My own responsibilities have focused on grassroots organizing, first with one, then with two Subarea Advisory Councils comprised of volunteers from Albany and four surrounding counties. These groups – approximately thirty members each – meet monthly to review project proposals from local health care facilities, to discuss Agency-wide policies, and to hear reports on other Agency activities and presentations about change in the health care system. Smaller groups of volunteers may meet together between Council meetings to focus on efforts in a single county or to carry out some specific implementation activity. By asking probing questions, these grassroots volunteer groups have more than once caused the Agency as a whole to reconsider its policies and assumptions. They have particularly challenged the use of numbers-only methodologies to estimate future need for services, arguing that we must also factor in our values, and form a clearer vision of the future toward which we are moving. We are finally beginning to explore those values, as ethical questions about abortion, euthanasia, and, yes, rationing of health care, confront us regularly at our meetings.
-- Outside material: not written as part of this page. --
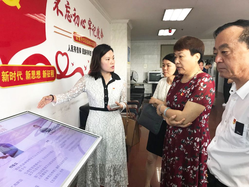 在弘信集团党委的牵头组织下,银龙大厦联合党委在楼宇党建方面进行积极探索,利用科技手段,在楼宇公共空间里展开形式多样的宣传。湖里街道党工委副书记林虹向曾副部长一一做了介绍,曾副部长频频点头,对银龙大厦联合党委的工作给予肯定和鼓励。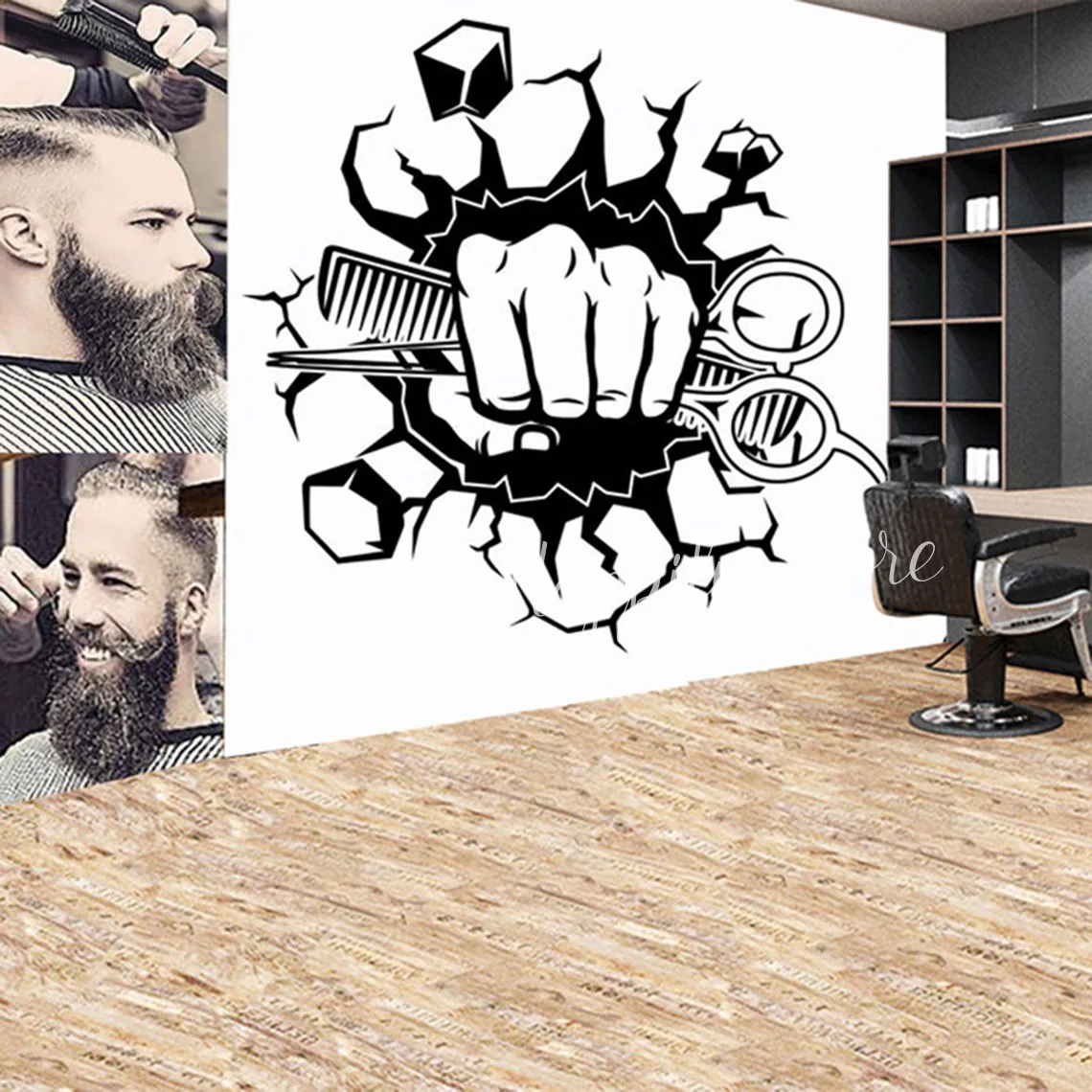 Настенные Переводные картинки для парикмахерской, украшение для парикмахерской, стрижки волос, бороды, бритья, яркие декоративные виниловые наклейки на стену P830

This is participatory democracy at its best – stimulating, controversial, at times tedious or conflict-ridden, but always possessed of a core of vitality that keeps us alert and adaptable. Through our volunteer groups, we have encouraged home care agencies serving overlapping areas to meet together and work out coordination agreements. We have recruited physicians to under-served communities and helped small health or human service agencies develop new programs and funding sources. We have been involved in the development of resource directories, and have sponsored conferences on a variety of topics, including the role of business in controlling health care costs, the problem of patients in hospitals awaiting nursing home care, the value of health education and wellness promotion, and alternative futures for the health care system.
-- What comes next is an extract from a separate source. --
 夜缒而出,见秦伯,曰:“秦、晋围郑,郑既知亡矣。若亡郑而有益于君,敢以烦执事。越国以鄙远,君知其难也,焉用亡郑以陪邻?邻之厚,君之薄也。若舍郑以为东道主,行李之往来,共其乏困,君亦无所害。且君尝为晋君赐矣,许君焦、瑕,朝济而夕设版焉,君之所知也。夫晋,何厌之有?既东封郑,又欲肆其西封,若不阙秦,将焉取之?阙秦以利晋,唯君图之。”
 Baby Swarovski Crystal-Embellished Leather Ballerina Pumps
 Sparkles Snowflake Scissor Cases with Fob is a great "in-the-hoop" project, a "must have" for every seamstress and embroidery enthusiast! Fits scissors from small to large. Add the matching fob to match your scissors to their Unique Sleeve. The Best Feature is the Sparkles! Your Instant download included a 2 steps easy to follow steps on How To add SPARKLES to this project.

Out of the formal structure of HSA staff and volunteers a much less formal, quite extensive support network has grown. These are people who are leaders and decision-makers in their communities, organizations, or professions, who have made a commitment to the future and who are willing to participate to some extent in the HSA’s own unique process for shaping that future. When I respond to the frequently asked question, "What power does your agency really have?" I think of this network, rather than of any authority vested in us by Federal or State statute. For the power to create change lies first with us as individuals. And we can exercise that power to the extent that we choose to. We need to learn about the environment that affects us, and we need to find or build alliances. We need to invest some time and energy in this enterprise, and then, slowly but surely, the changes will happen. A hospital takes the initiative to start a wellness promotion program. A group of health and human service providers in an inner-city neighborhood get together to find out how they can better serve their constituents. County governments ask for technical assistance in setting up offices to coordinate services for the home-bound elderly. Physicians talk openly about the agony of making clinical decisions based on financial constraints. We now serve more nutritious food at our conferences, and volunteers ask for exercise breaks during long meetings. The list of changes grows by the day, and we are helping to make it grow.